(Beginning of Data for analysis)

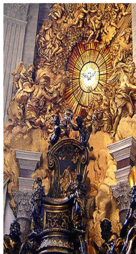
Chair of Saint Peter

St Teresa's School, Montacute Road, Morden.
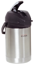
AIRPOT, 2.5L SST LA 6/ CASE
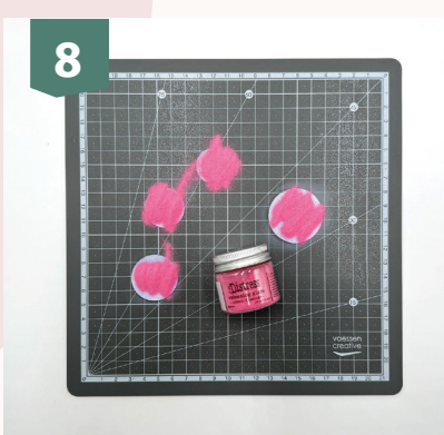
Sprinkle embossing powder over the still wet ink and shake off the excess powder.
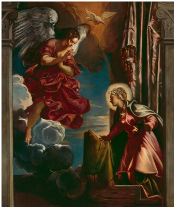
fig. 1 Jacopo Tintoretto, The Annunciation , late 1570s, oil on canvas, Scuola Grande Arciconfraternita di San Rocco, Venice
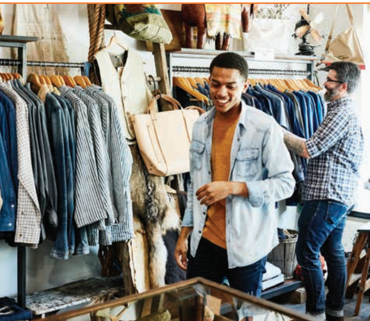
People need clothes to wear.
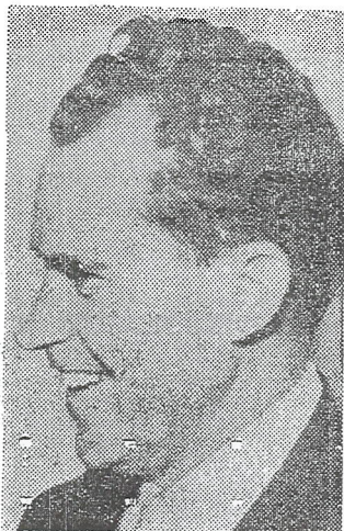
... gubernatorial candidate, '62
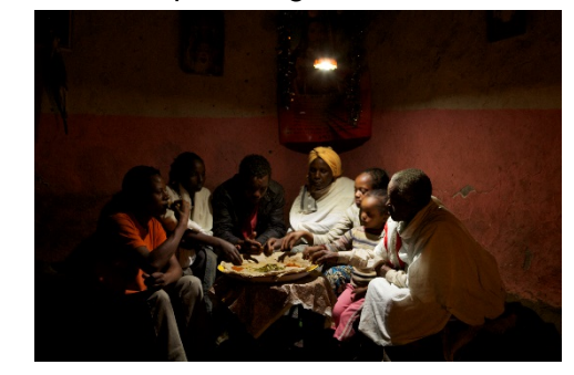
A solar lamp lights a family's meal in Addis Ababa, Ethiopia.

Expanding Cross-Sectoral Integration. To support the growth of energy-agriculture projects and products in Ethiopia, PAOP focuses on helping off-grid companies develop productive use applications of their products and collaborating with relevant USAID projects and partners.
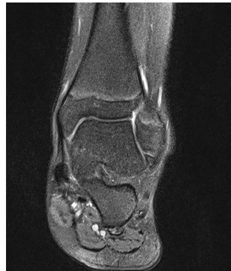
Fig. 3 MRI scan of the ankle with os subfibulare-ligamentous complex

( p < 0.001 ). The mean VAS pain level before surgery and at the latest follow-up visit improved from 67.1 (range 47 to 80; SD-10.09) preoperatively to 12.7 (range 0–31; SD-9.44) ( p < 0.001 ). The average time to return to recreational sport or to physical education at school was 12.5 weeks (range 9–18 weeks; SD-2.5). 6 out of eight children returned to their sporting activities at a competitive level following surgery (Figs. 2, 3, 4, 5).
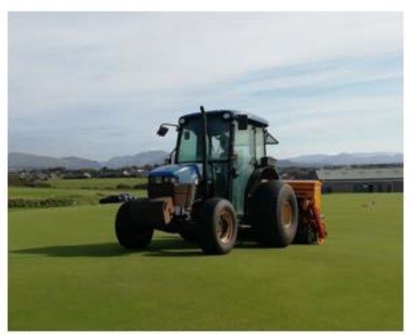
Overseeding with the Vredo on the 18th Green.
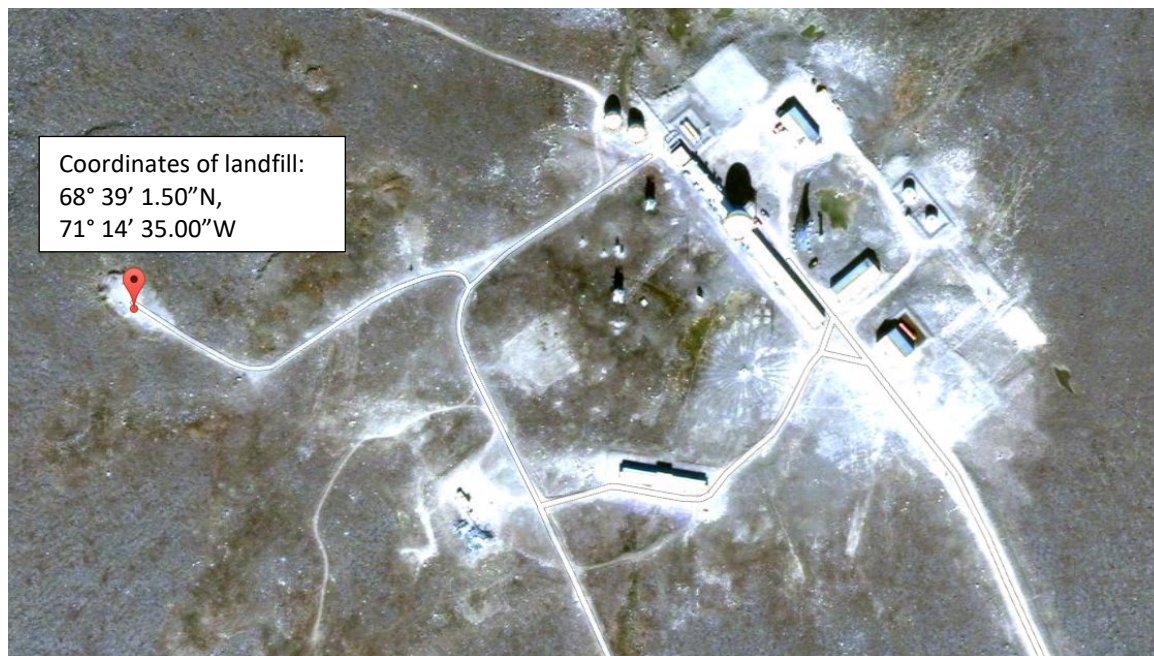
Figure B-1: Coordinates of landfill: 68° 39' 1.50"N, 71° 14' 35.00"W
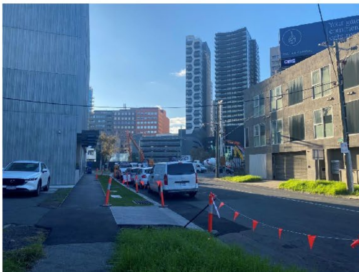
Photograph 5: Looking north-east along Kings Place with Towers fronting Albert Road in the background
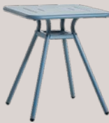
CAFÉ TABLE SQUARE
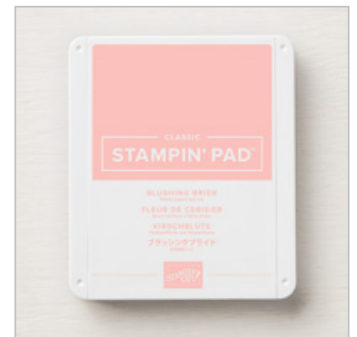
Blushing Bride Classic Stampin' Pad
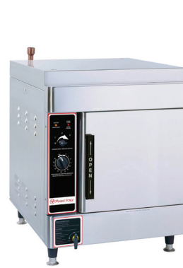
Altair II - 4

The door is insulated. Safety shut-offs are provided by a hidden magnetic door switch, low water/high limit heat switch, temperature probe, water sensing probe and water-fill timer.
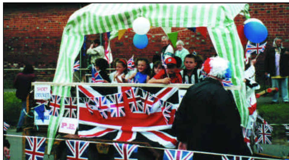
Hendred Primary School float.
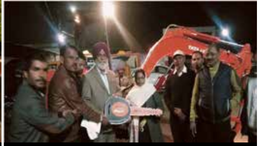
TMX20 handover at Sagar
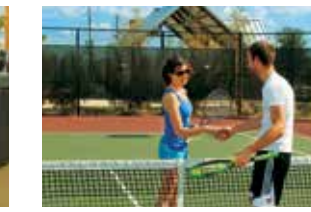
ARBOR SPORTS PARK
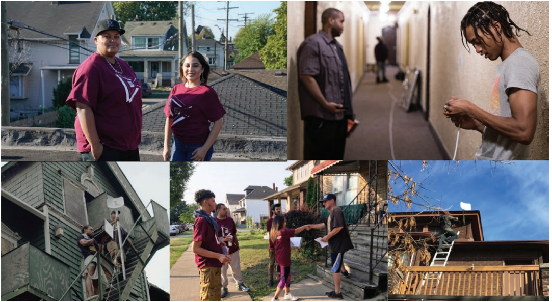
Detroit Digital Stewards install networking equipment.
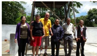
The official group photo
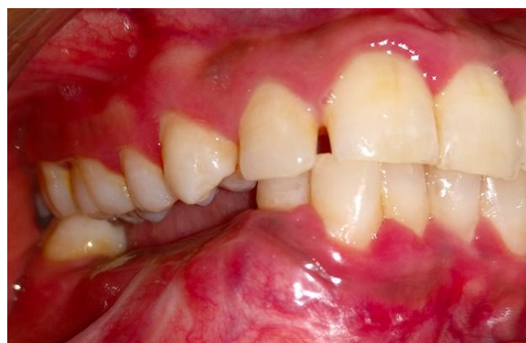
Fig-2a: Diffuse bicortical expansion (lateral view)
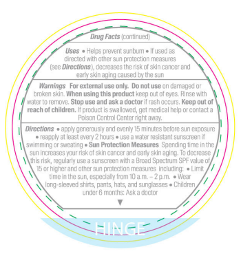
Back of Primary Display Panel (Usually Gray Text)
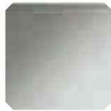
381 Specchio argentato Silver mirror Espejo plateado
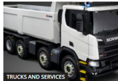
TRUCKS AND SERVICES Scania autonomous truck for the mining industry
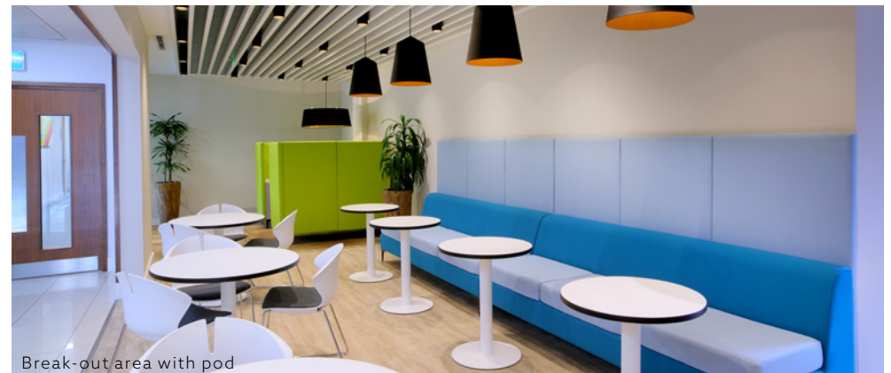
Break-out area with pod
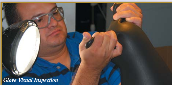
Glove Visual Inspection
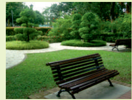
Lush Green Garden
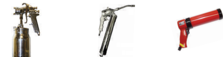
T-7007N Spray Gun T-3010 Grease Gun T-7618 Caulking Gun

Taylor Pneumatic offers an assortment of specialty tools made for wide range of applications
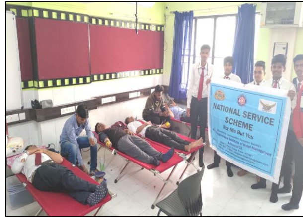
Students donating the blood
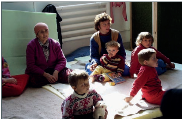
Refugees from Kosovo in one of NG's makeshift camps

Albania's willingness to take in so many people in danger and need "is something that Albania can always be proud of."
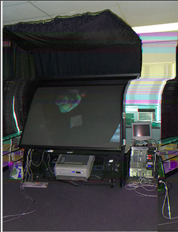
Figure 1: Photograph of the ImmersaDesk in a room next to the Media Center at Lincoln Elementary School

As such we are not limiting ourselves to slower, less powerful, less expensive equipment. We want to have high frame rates and detailed virtual worlds to give the technology the best chance of succeeding. This means throwing some very expensive technology at the problem to find what works and what doesn't. We want to find out which components of VR (wide field of view, head tracking, hand tracking, stereo visuals, audio, etc) are important in this endeavour, and how to leverage them effectively in the context of an elementary school.
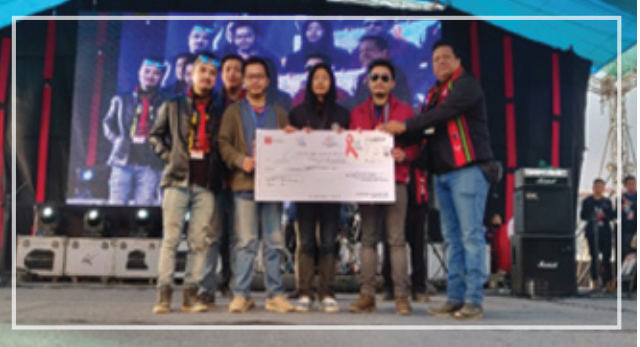
Band' from Nagaland
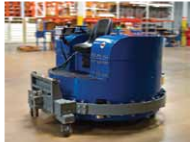
Boeing Electric ODV

For details and videos go to... www.hammondscos.com
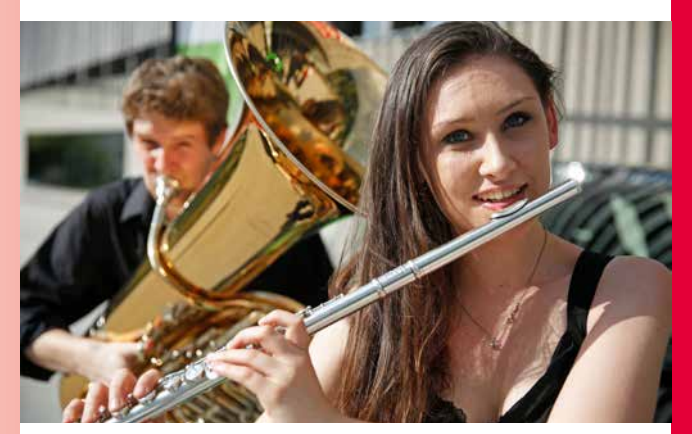
Mid EUROPE is supported by:

In addition Mid EUROPE since the 20th anniversary in 2017 is hosting the WAWOP (WorldAdultWindOrchestraProject) for musicians age 30+.
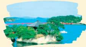
Wudai Halls 五大堂
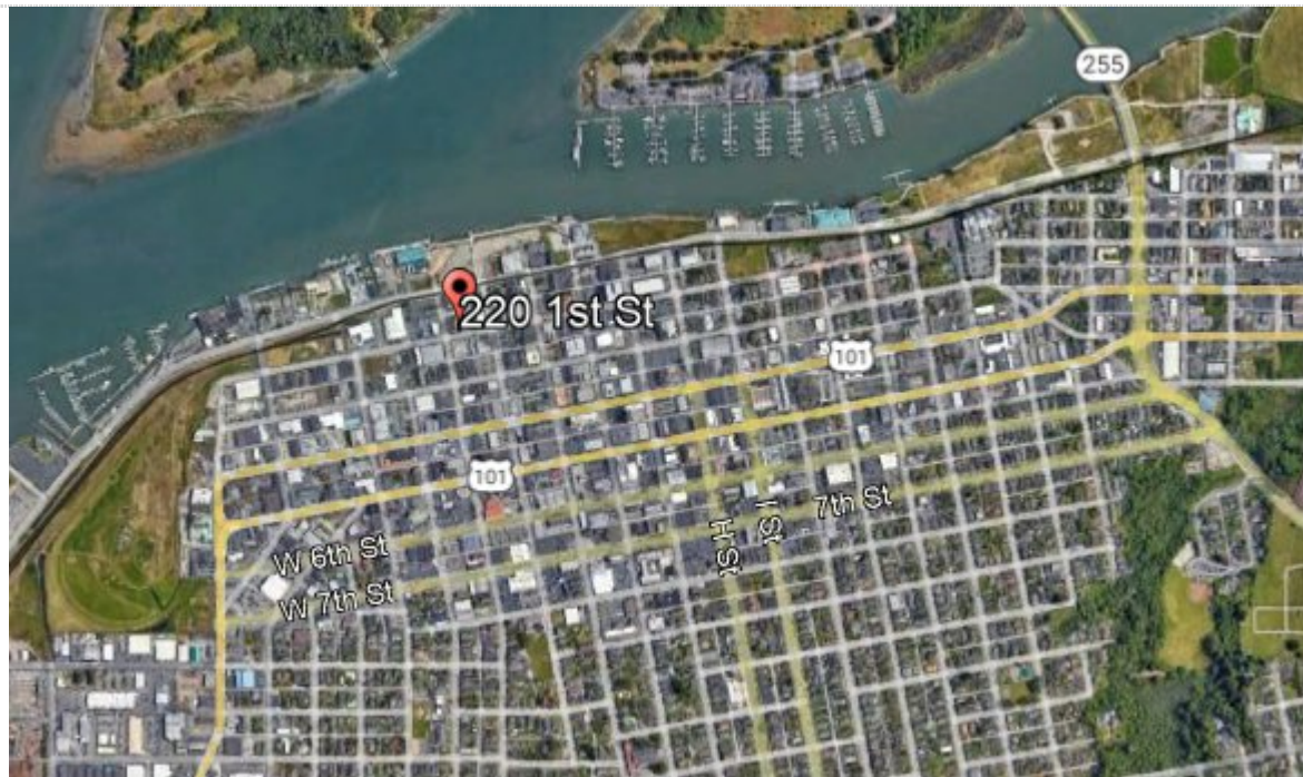
Figure 1: General Project Location– 220 First Street
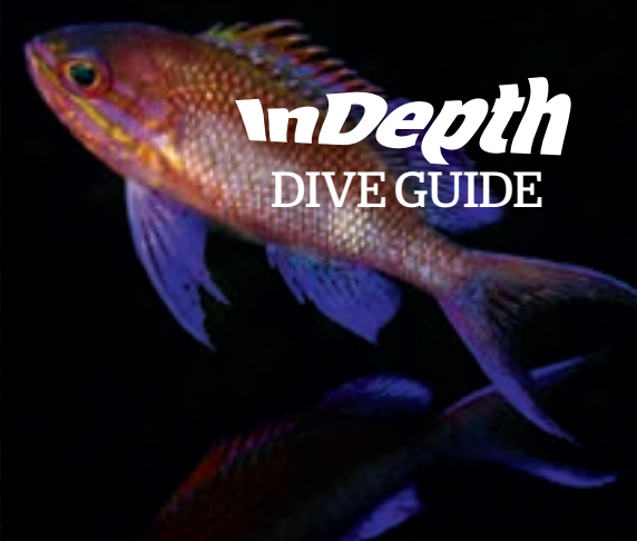
PARK LIFE: above, an anthia; left, a red scorpionfish, below left, a triggerfish
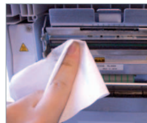
Clean printhead with tissues
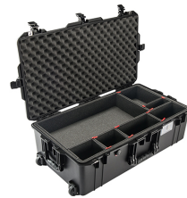
1615TP With TrekPak Divider System
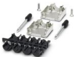
POWER-SUBCON cable housing, 3-pos.

Please be informed that the data shown in this PDF Document is generated from our Online Catalog. Please find the complete data in the user's documentation. Our General Terms of Use for Downloads are valid ( http://phoenixcontact.com/download )
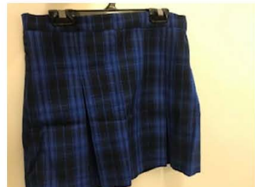
Winter Skirt (Year 5 & 6) $42
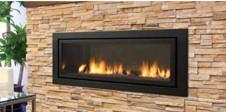
Gem54 shown with black fascia, reflective inner panels and pebbles (shown without mandatory dress guard).
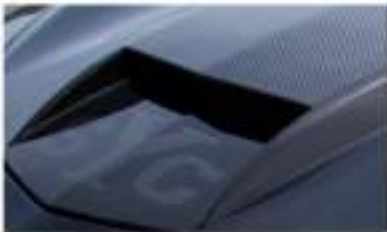
Body color painted carbon fiber hood with exposed carbon fiber scoop.
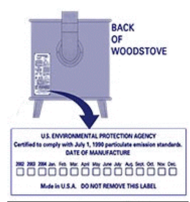
Permanent Wood Stove Label affixed to a stove
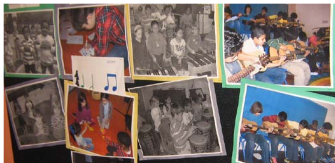
Music Bulletin Board
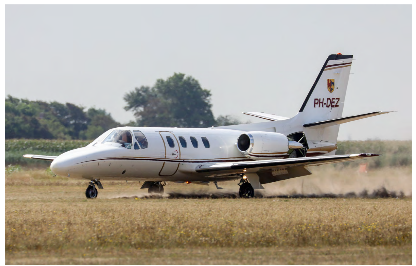
Cessna 501 PH-DEZ is based at Teuge airport but is rarely seen active. The last known operator for this bizjet is Stella Aviation International. Quite a rare sight to see a bizjet landing on a grass runway! (Texel, 4 August 2018, Berend Jan Floor)
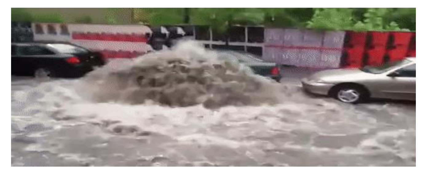
Figure 1.1: Flash flood (Ellicott City Floods of 2018)

Prevalent downpours rainfall, steep terrain, high surface runoff and mainstream length, extreme restoration, lack of sustainable flood-control measures, and global warming, among other factors, promote and exacerbate the risks, susceptibility, and negative consequences of nationwide flash floods (Elnazer et al.,2017; Miao et al.,2016; Perry, 2000; Youssef et al., 2011). However, multiple causal processes such as regional meteorological regimes, physical hydrological cycles, and anthropogenic cause flash floods to behave differently throughout time and location (Adnan et al.,2019; Merz, R., Blöschl, 2009).
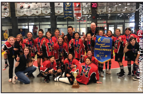
Female Pee Wee B Gold-Nanaimo
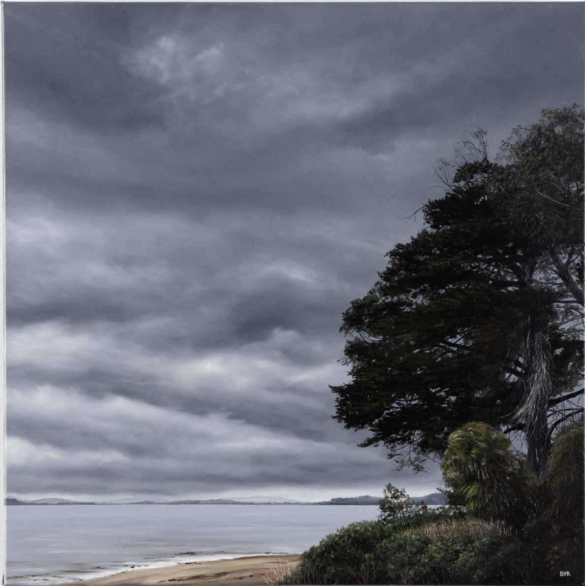
Brooke van Ruiswyk The Shoreline Pine 2026 oil on canvas 61 × 61 cm $3,200
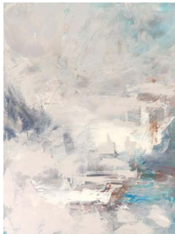
Planet X, 20 x 20, acrylic
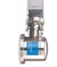
5. Helix Electronics
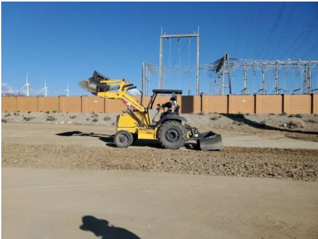
Photo 4 – Site decompaction and hydroseed preparation at Construction Area 6X08, Segment 6 (January 18, 2022).
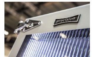
Ribbed Glass Option
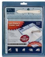
Scor-Pal MINI SCOR- BUDDY Scoring...
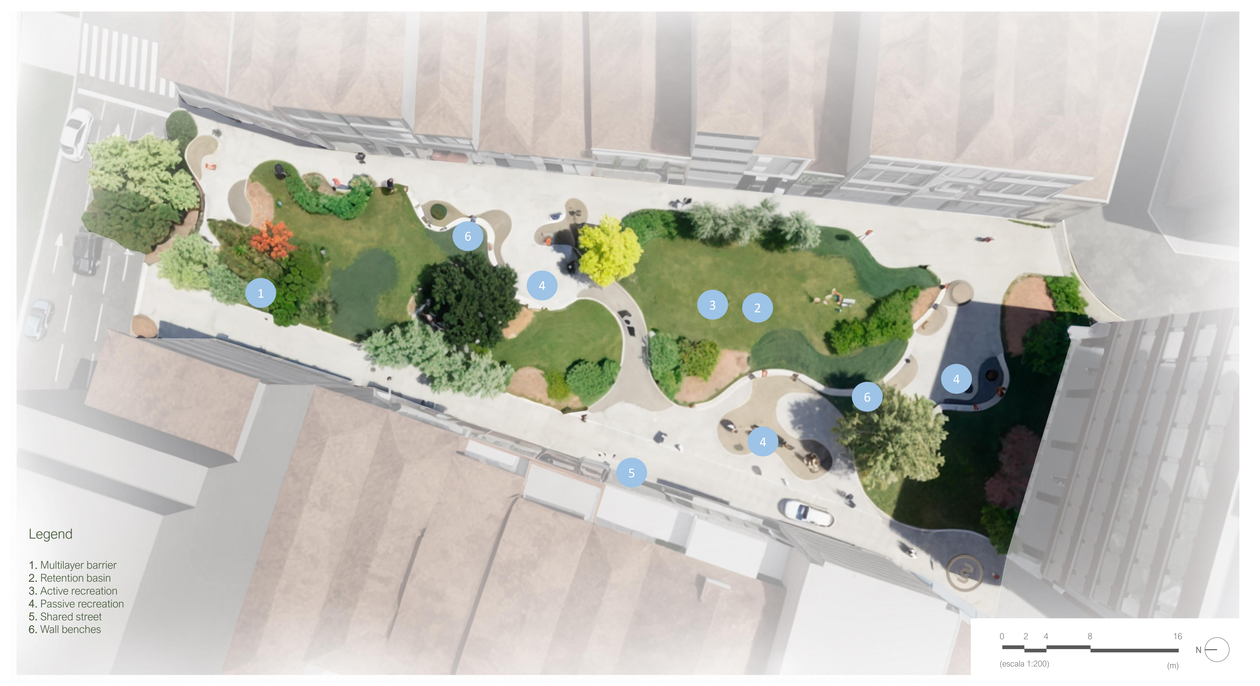
Diagram / concept sketch title

The proposal affirms the creation of an imponent green space that penetrates the urban grid, bringing nature back to the city. Therefore, Dr. Tito Fontes Square is transformed into a dynamic ecosystem, where nature is celebrated and reintegrated into the urban experience, through a sustainable and harmonious puzzle that provides living areas thar interact with the built space, with people their social needs and the natural environment.

(End of Data for analysis)

Exercise objective
Give solely the number of lines in the data that contain the string "flood".

Solved problem
2